**WORK TO COMPLETE**: Transcribe exactly, and only, the lines that fall between the line containing "Detailně zpracovaný kovový" and the last line of the material, both ends included, omitting any pictures.

**EXERCISE DATA**:
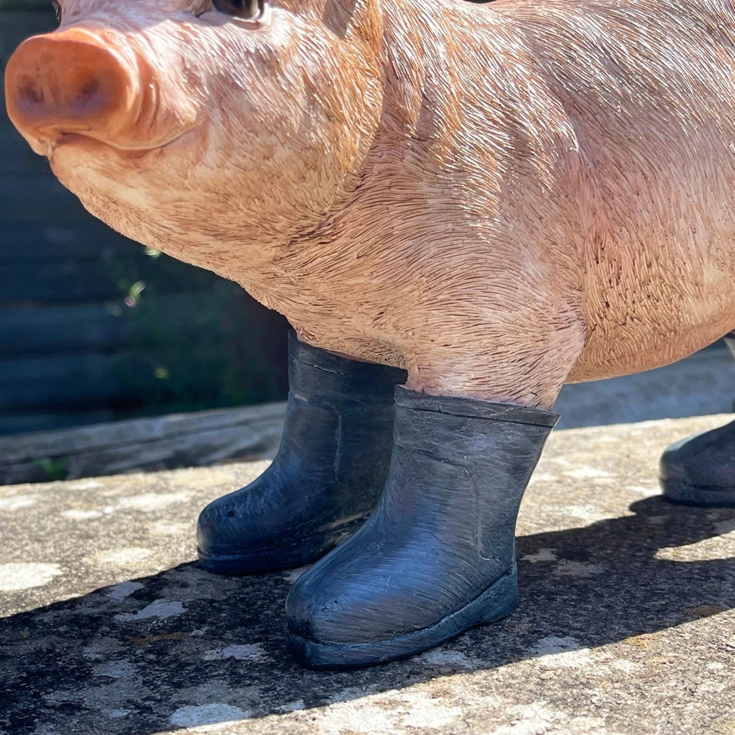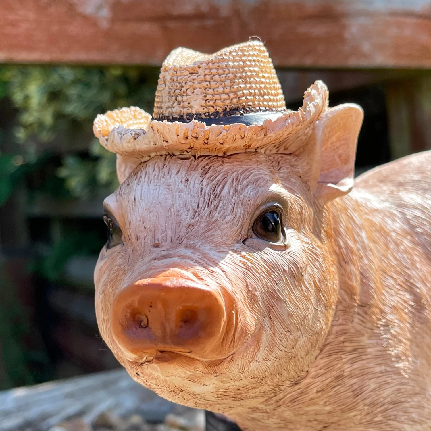 This pink pig is freestanding and made from resin. The design showcases a pig in their straw hat and wellies. The weather resistant resin makes the pig ideal for indoor and outdoor use. The sculpture would look great in your home, garden, on your lawn or patio.
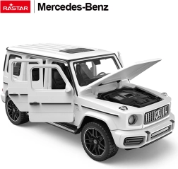 Detailně zpracovaný kovový model v měřítku 1:32 představuje ikonický MERCEDES‑BENZ AMG G63 od značky Rastar. Nabízí kovovou karoserii, gumová kola, funkční světla a zvuky a otevírací kapotu i boční dveře. Součástí je napájení LR44 a certifikace CE/EN71/RoHS.
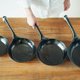 Kaneko's frying pan is characterized by its thinness. A single iron plate is heated to a high temperature and beaten to create a three-dimensional shape while creating edges and height. The handle is also made of the same piece of iron plate, so the handle is not a separate part, it is all integrated. Therefore, it is literally comfortable to use with a sense of unity. It is difficult to make this shape by squeezing it out, but there is strength only in one simple material. Also, because it is made thin, it is not as heavy as it looks.

**SOLUTION BELOW**:
 Detailně zpracovaný kovový model v měřítku 1:32 představuje ikonický MERCEDES‑BENZ AMG G63 od značky Rastar. Nabízí kovovou karoserii, gumová kola, funkční světla a zvuky a otevírací kapotu i boční dveře. Součástí je napájení LR44 a certifikace CE/EN71/RoHS.
 Kaneko's frying pan is characterized by its thinness. A single iron plate is heated to a high temperature and beaten to create a three-dimensional shape while creating edges and height. The handle is also made of the same piece of iron plate, so the handle is not a separate part, it is all integrated. Therefore, it is literally comfortable to use with a sense of unity. It is difficult to make this shape by squeezing it out, but there is strength only in one simple material. Also, because it is made thin, it is not as heavy as it looks.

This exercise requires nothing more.